Volume 98, February 2020, 107037
Pattern Recognition

Spatio-temporal deformable 3D ConvNets with attention for action recognition

https://doi.org/10.1016/j.patcog.2019.107037Get rights and content

Highlights

  • We are the first to propose a spatio-temporal deformable 3D convolutions with an attention mechanism (STDA for short).

  • The proposed module serves as a generic module for many 3D CNNs, and in practice it is only needed to append at the later convolution layer without increasing too much computational cost.

  • Our attention mechanism can exploit both long-range temporal dependencies across multiple frames and long-distance spatial dependencies inside each frame, and thus helps extract the discriminative global information at both inter-frame level and intra-frame level.
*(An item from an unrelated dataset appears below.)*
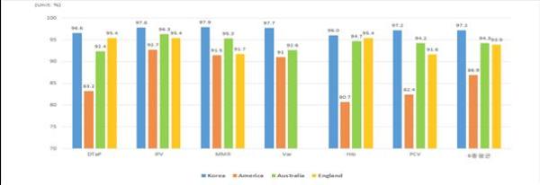 생후 36개월 어린이의 예방접종률을 해외 국가와 비교한 결과를 보면, 우리나라 예방접종률은 평균 97.2%로 외국 예방접종률 대비 평균 3~10%p 높았으며, 소아마비, 홍역 등 비교대상 6종 백신에 대한 전체 접종률도 가장 높게 나타났다.
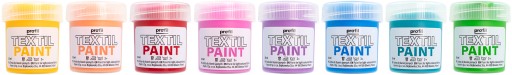 Farby TEXTIL PAINT występują w zestawach i na sztuki w dwóch wariantach:

  • Experiments validate the superior performances and efficiency of the proposed approach.

Abstract

The irregularity of human actions poses great challenges in video action recognition. Recently, 3D ConvNet methods have shown promising performance at modelling the motion and appearance information. However, the fixed geometric structure of 3D convolution filters largely limits the learning capacity for video action recognition. To address this problem, this paper proposes a spatio-temporal deformable ConvNet module with an attention mechanism, which takes into consideration the mutual correlations in both temporal and spatial domains, to effectively capture the long-range and long-distance dependencies in the video actions. Our attention based deformable module, as a generic module for 3D ConvNets, can adaptively learn more accurate spatio-temporal offsets to model the action irregularity. The experiments on two popular datasets (UCF-101 and HMDB-51) demonstrate that our module significantly outperforms the state-of-the-art methods.

Introduction

Video action recognition [1], [2], [3], [4], [5] has been widely investigated in the computer vision community. Modelling the temporal and spatial variations is one of the most essential, yet challenging issues for it. This is mainly because video actions usually contain complex spatial-temporal correlations, including both long-range dependencies among the sequential frames and long-distance dependencies in the spatial fields of each frame. To address the problem, traditional solutions such as the improved Dense Trajectories (iDT) [6] rely on hand-crafted features (e.g., the optical flows) to obtain motion information. Recent deep end-to-end solutions like two-stream ConvNets [7] learn the discriminative features from the optical flow and the appearance via two 2D ConvNets respectively. Many studies prefer the recurrent neural networks (RNNs) over optical flow features and these include LSTM [8] and ConvLSTM [9] to model the video as an ordered sequence of frames.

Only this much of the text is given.